Why do the texts differ in detail? For example, why does the 1 Corinthians version mandate that readers repeat the eating and drinking? It is no doubt making explicit what is implicit in the others. Why does only Matthew have the element of “forgiveness of sins”? He is probably trying to explain to the reader the point of the “covenant” embodied in the bread and cup. The point is the same as in Acts 13:38-39: “Let it be known to you therefore, brothers, that through this man forgiveness of sins is proclaimed to you, and by him everyone that believes is justified from everything from which you could not be justified through the Law of Moses.”

Why is the word
new
in brackets in the Matthew and Mark versions? Because some ancient manuscripts of each gospel lack the word, which then begins to look like someone’s gloss (explanatory comment). Or maybe some scribes were trying to make it look more like the wording in the 1 Corinthians version. Who knows? But the major point we have to infer is that all of these versions are not primarily historical reports. They may contain an element of reporting, but as we read them, they are surely liturgical texts. They were part of the early Christian Holy Communion service. If you have ever taken the trouble to visit other churches than your usual congregation on a Communion Sunday, you may have noticed how the wording differs from one denomination to the next. Roman Catholics add “new
and eternal
covenant,” for example. Scholars surmise that this process of local customizing had already begun by the time the various gospels were written.

That means that each gospel writer (and the author of 1 Corinthians 11) is passing on the particular version of the Communion liturgy he was familiar with.
1

THE SHAPE OF THE CUP

What sort of cup is presupposed in this scene? Artistic representations often take the license of making it a beautiful and elaborate vessel, something one might see in an art museum. What has happened here is that the artist is externalizing the theological significance of the cup, intimating the redemptive blood of Christ by transfiguring its container’s appearance to match. A good example from a text that does this would be
The Dolorous Passion of Our Lord Jesus Christ
by the visionary nun Anna Katharina Emmerich, a collection of pious fever dreams that forms the basis of Mel Gibson’s epic film
The Passion of the Christ
.
2
In the book, the cup is described as an elaborate piece somewhere between a silver samovar and a punch bowl with attached cups.

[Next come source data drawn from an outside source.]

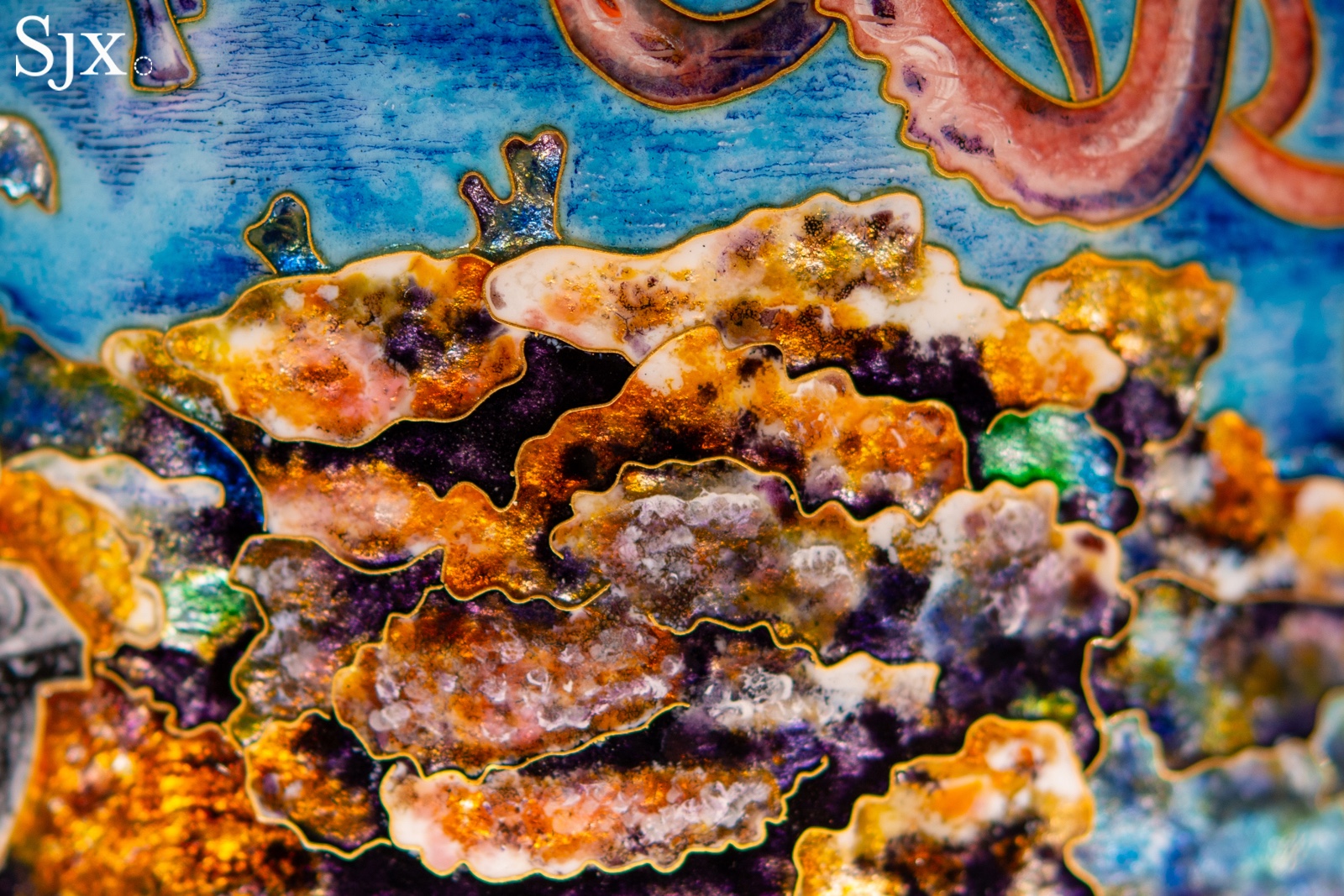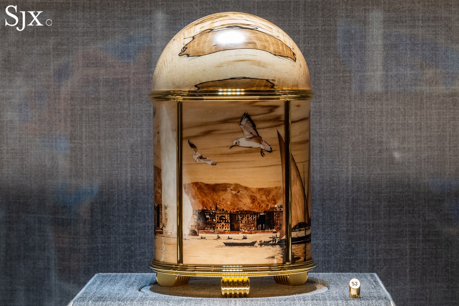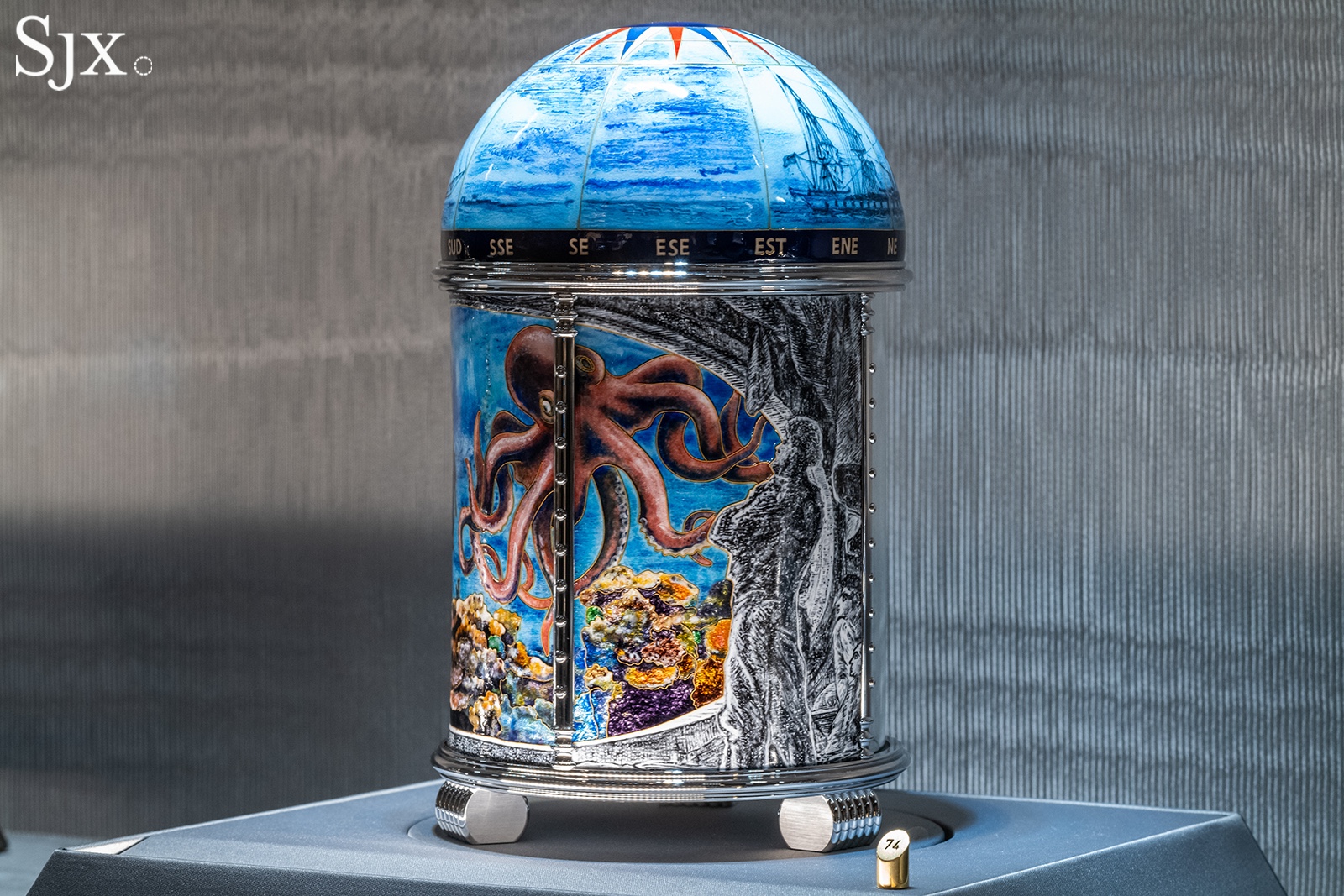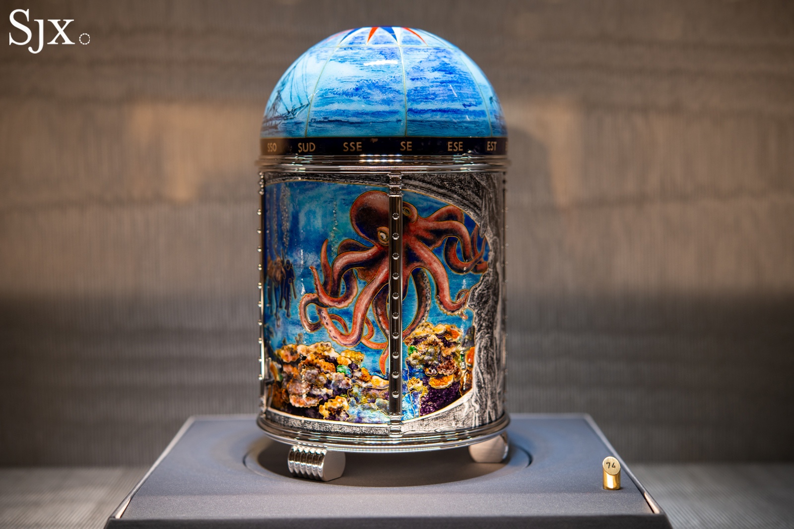 Turning now to Dome Clocks, the stand out piece for me was the Dome Clock ref. 20171M-001 “Nautilus”, which depicts the famously implausible deep sea diving scene from Jules Verne’s Twenty Thousand Leagues Under the Sea. This was one of my favourite stories as a child, and it was great to see it brought to life in 41 vivid layers of translucent and opaque enamel. (And those in the know will note that Thierry Stern’s yacht is also the Nautilus.)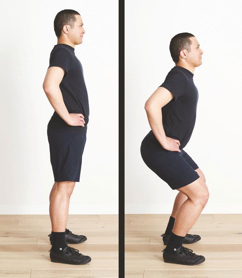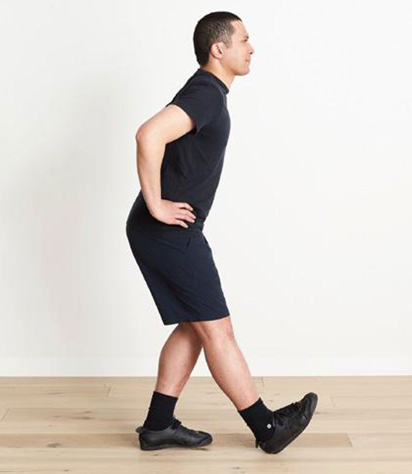 Position feet shoulder width apart with knees slightly bent and hands on hips.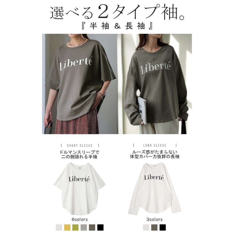 Tシャツ レディース トップス ロゴT 半袖 ドルマン 二の腕カバーきれいめ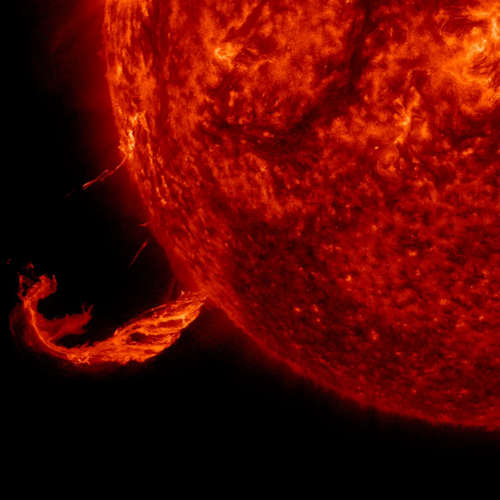 NASAとヨーロッパ宇宙機関の太陽太陽圏観測所(SOHO)宇宙船は、2015年2月24日に、太陽のフィラメントの一部とともにコロナ質量放出した3時間の間に、この太陽の極紫外線波長のイメージを撮った。一部の筋は太陽に落ちたが、かなりの部分は明るい粒子の雲の中で宇宙に飛び出した。 |

But we are probably closer to the truth in the depiction of the cup in
Indiana Jones and the Last Crusade
; the intrepid archaeologist finds himself amid a gallery of chalices, each more bejeweled and spectacular than the one before it. One of them is the fabled cup of the Last Supper. His life depends upon choosing the right one. How is he to decide? He asks himself, “Which one is the cup of a carpenter?” And sure enough, there is one, and only one, made of glazed clay.

Why do the gospel versions (and 1 Cor. 11) not do what Anna Katharina Emmerich did, especially if, like hers, theirs are documents more of faith than of history? Simply because they are in essence liturgical directions intended to provide a script for the reader, and when they say “he took
a
cup,” what they are saying is, “Use
any
cup.” Who among the early Christian communities would have been able to afford elaborate chalices? It will be interesting to see how the conception of the cup transforms in later grail literature.

The Da Vinci Code
and
The Hiram Key
profess to see great significance in the fact that in his great painting of the Last Supper Leonardo neglected to depict any cup at all. This is supposed to mean that he understood the cup, or the grail, to refer to something symbolic, something that would not have been visible to the physical eye, perhaps the holy seed of the Christ. But isn’t there another explanation ready to hand? What if he is just painting
John
’s version of the supper? That one has no reference to the Eucharistic cup and bread, as we have already observed. In fact, we can be sure this is what he was doing because of the depiction of the youthful (supposedly effeminate) disciple John sitting next to him, an arrangement peculiar to John’s gospel (13:23, 25). So much for that.